Later in the decade a young traditionalist named Randy Travis led the music back into the winners circle as fans again rediscovered the force and power of country’s simple melodies and heartfelt stories. This time everyone from the big city started moving to Music Row attracted by early ’90s traditional artists like Brooks & Dunn, Alan Jackson, Garth Brooks, Clint Black and the neighborhood bulged with more than 25 major labels all after a piece of the new action. Again the format moved closer and closer to mainstream, trying to capture a bigger better deal. But by the end of the decade sales sputtered. And like Icarus who flew too close to the sun, the format’s “wings” began to melt and it returned to the earthiness which is where, some would say, it finds integrity.
Ask most any industry observer today and they will tell you country is again hot, hot hot! Look at Luke Bryan’s incredible 528k album debut a few weeks ago. But are we again moving so close to mainstream pop that we run the risk of losing our heart? Radio analyst Charlie Cook a few months ago noted on NEKST, that at the top of the country charts, “there are so many fun, uptempo aggressive songs. They’re almost all party songs, every single one…”

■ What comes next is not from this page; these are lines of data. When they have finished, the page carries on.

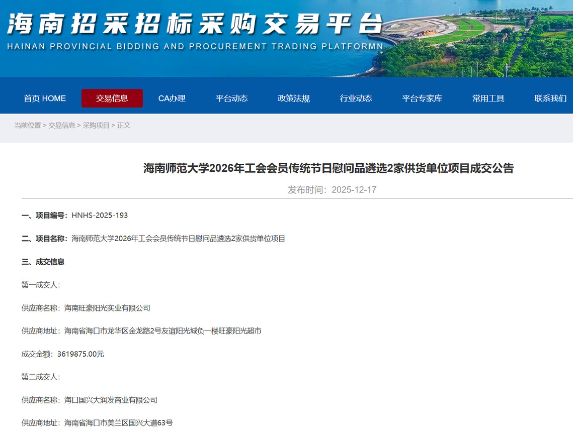 公告链接:http://www.hainanhpc.net/ggglm_xx.html?mid=CJ000002355
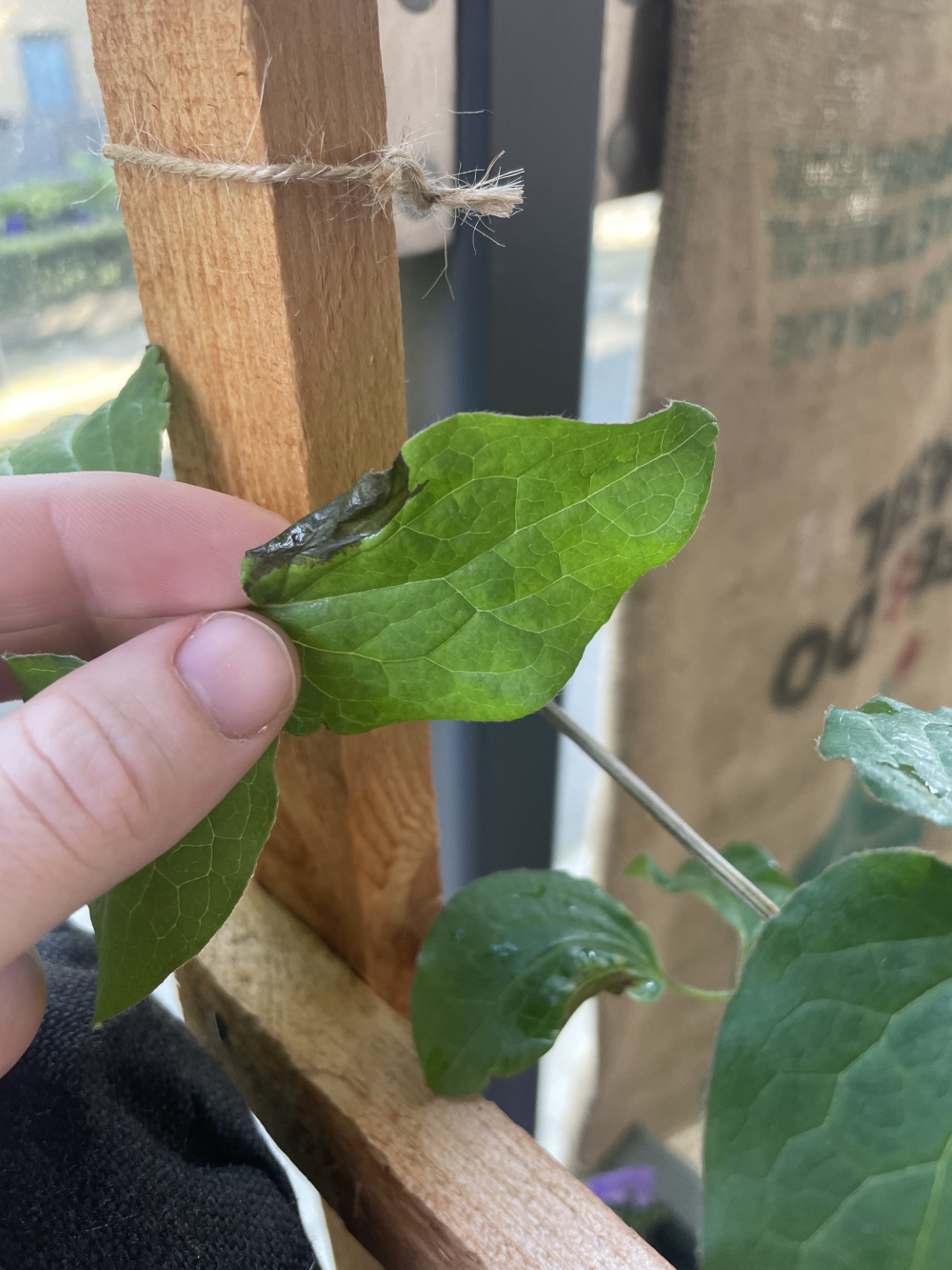 I've checked on it today and it looks plenty happy so I must've had a mild bit of panic! It's been windy in London for the last several days so the logical conclusion is its just a bit of wind burn - as you said BlueBirder I think it must be from rubbing on the trelis.
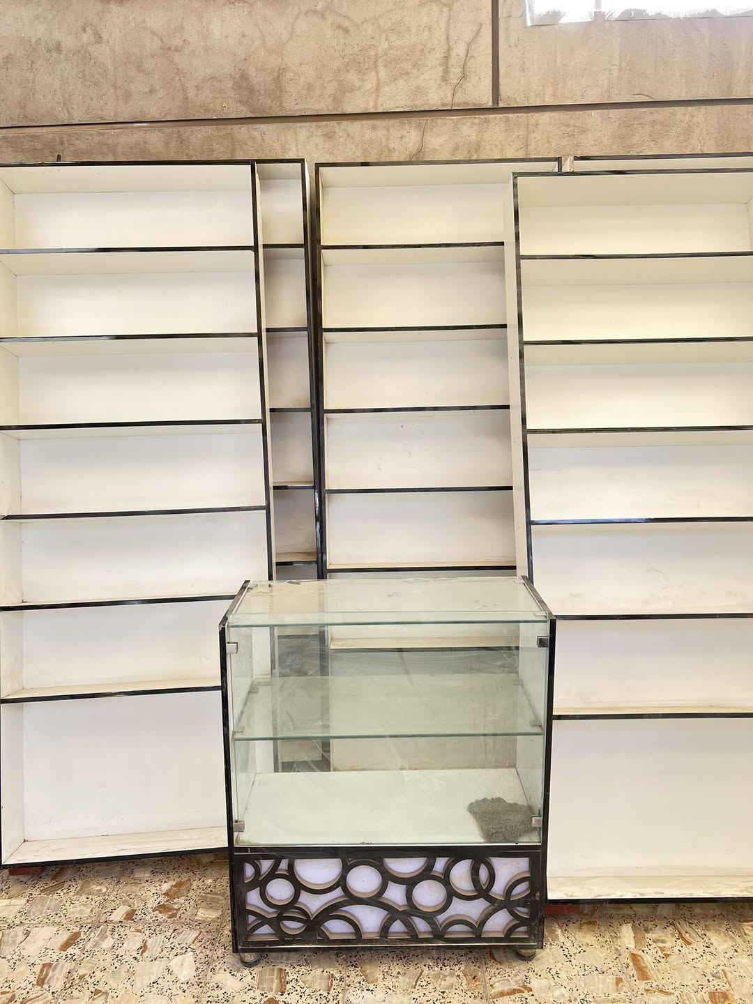 فاترينات ١٢٠×٤٠ • ميز كاشير/صيانة ١٢٠×١٨٠×٥٠ • بغداد بسماية
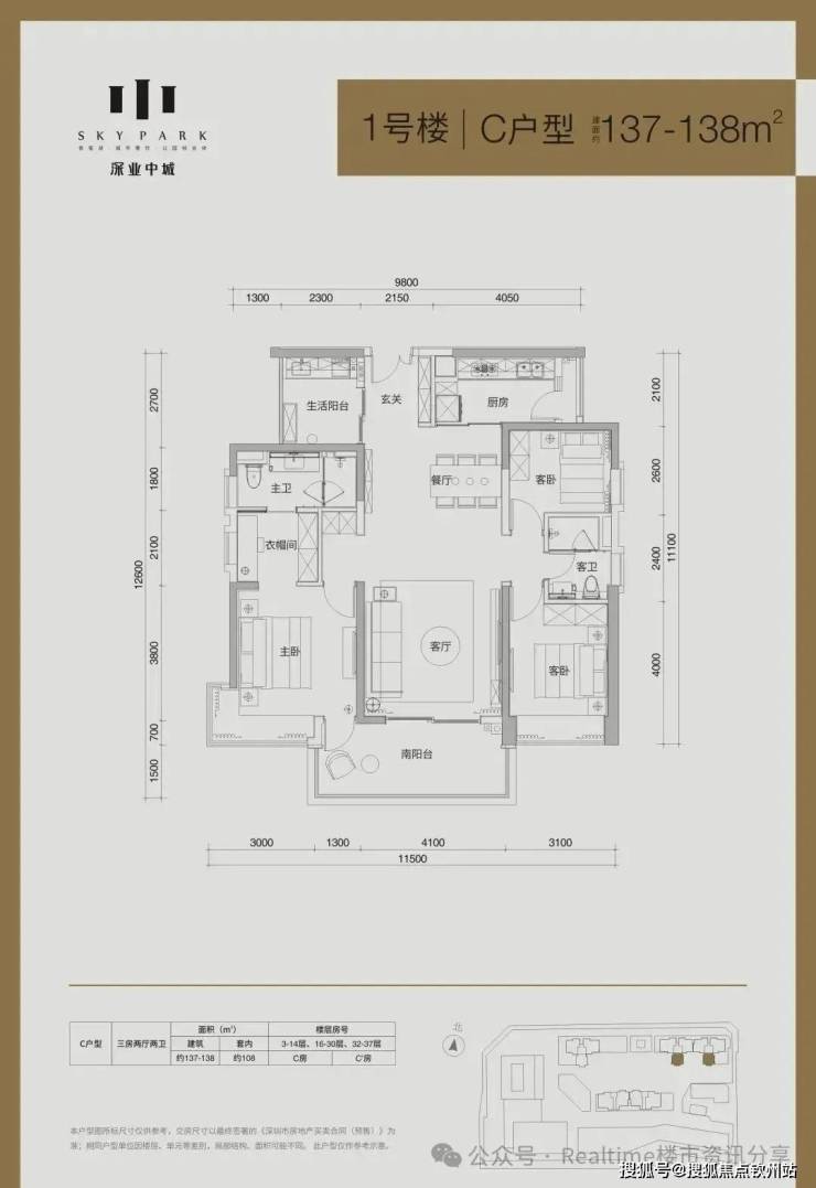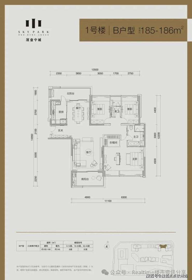 1栋:产品是面积段为137-185-192㎡的3房、212㎡的4房、以及4套300㎡以上的顶层复式单位,其中36层及以下为2梯3户“品”字形结构,37层及以上为2梯2户的板楼结构;

Then this week an article on countrymusicislove.com compiled comments from Zac Brown and Gary Allan about country music losing its “country” factor. “To me country music has always been the home for a great song,” Brown said in a radio station interview. “If I hear one more tailgate in the moonlight, daisy duke song, I’m gonna throw up. There’s songs out there on the radio right now that make me be ashamed to be even in the same format as some other artists.”
Gary Allan is quoted as recently telling Larry King in an interview, “I feel like I don’t make music for a genre anymore. I did 10, 15 years ago. But since the Clear Channels and the Cumulus’ and the big companies bought up all the chains, now it’s about a demographic. You used to be able to turn on the radio and you knew it was a country station just by listening to it. Now, you’ve got to leave it there for a second to figure it out.”
The article has garnered over 141 comments many of which start with the words “I agree.”
Are country’s cyclical moves toward and away from the mainstream simply unavoidable? Thinking long term, would the format be better advised to stay somewhere in the prosperous middle and avoid the sharp ups and downs? Is that possible? What do you think?